Héctor Fernando Maseda Gutiérrez (18 January 1943 - 30 May 2026) was a Cuban nuclear engineer and a journalist.

The Fidel Castro regime arrested him during the 2003 "Black Spring" and sentenced him to 20 years in jail. He was released in February, 2011. Amnesty International named him a prisoner of conscience and called for his immediate release. In 2008, he won an International Press Freedom Award from the Committee to Protect Journalists. The award is given for journalists who show courage in defending press freedom in the face of attacks, threats or imprisonment.

Finally, I believe this testimony could be assumed as an insistent voice for all those who suffer the horror that characterizes despotic and oligarchic government models. This work will travel, like a galloping knight armed with his sword, morally strengthened or blessed by the truth, to all the latitudes of the planet it can visit and it will act as a public and challenging message to those who control people and countries in any part of the world.
— Héctor Maseda Gutiérrez in his acceptance letter, sent from Aguïca Maximum Security Prison.

He was a nuclear engineer before being sacked at the end of the 1980s for ideological errors.

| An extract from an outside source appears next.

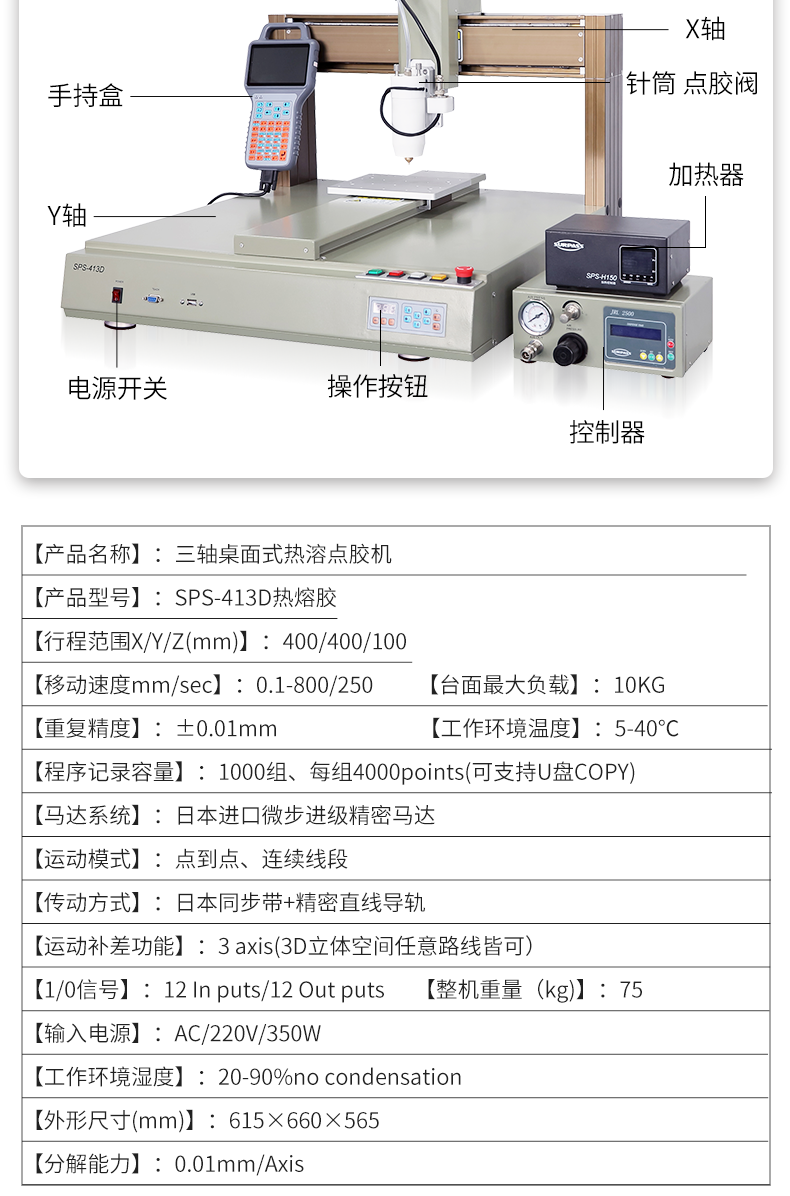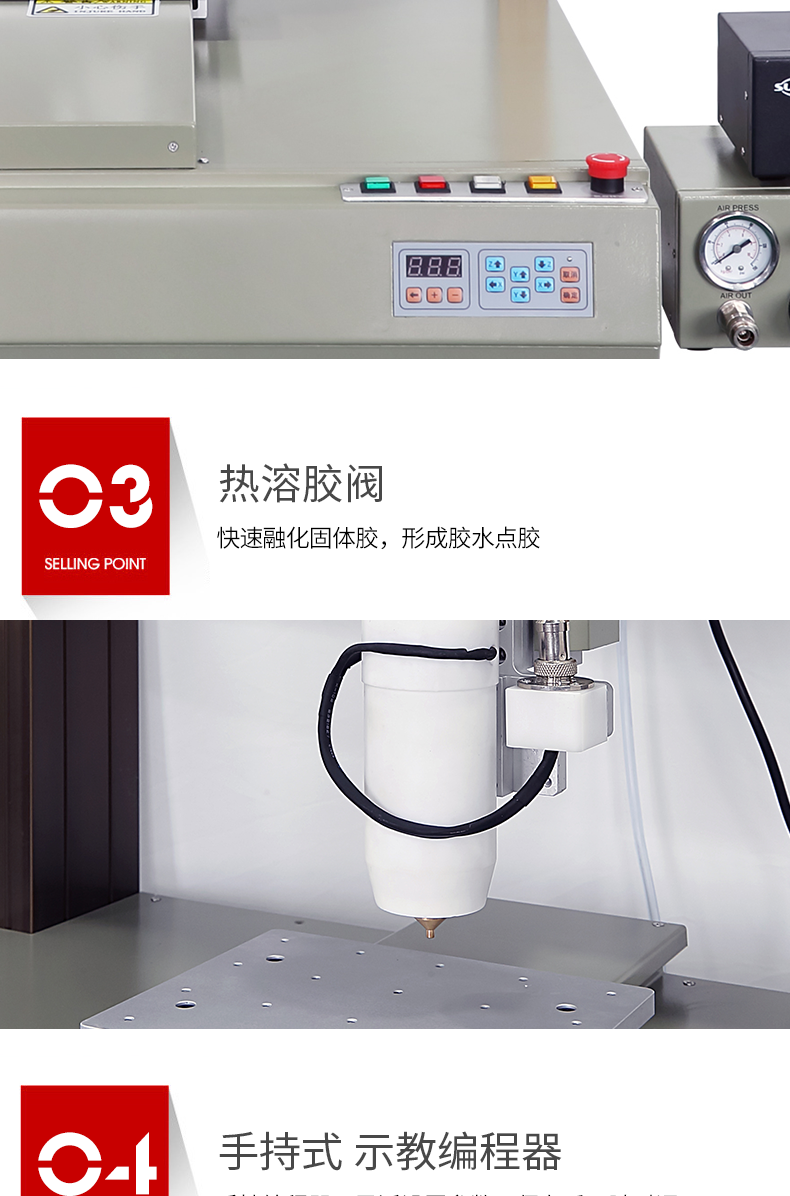 主頁  > 產品展示  > 自動點膠機  > 桌面式點膠機  > PUR熱熔膠三軸桌面高精度點膠機

Héctor Maseda Gutiérrez was married to Laura Inés Pollán Toledo. Pollán Toledo was a founding member of the Ladies in White. She lost her job as a high school Spanish teacher in 2003. Laura Inés Pollán Toledo died on October 14, 2011.

In prison, Héctor Maseda Gutiérrez managed to write his memoirs, Enterrados Vivos (English: Buried Alive), which was smuggled out one page at time. His wife sent a copy to Fidel Castro. Upon his release in February, Maseda claimed that he was "released against his will," as he refused to leave jail unless he was exonerated or pardoned, along with the rest of the Black Spring prisoners.

He died on May 30, 2026.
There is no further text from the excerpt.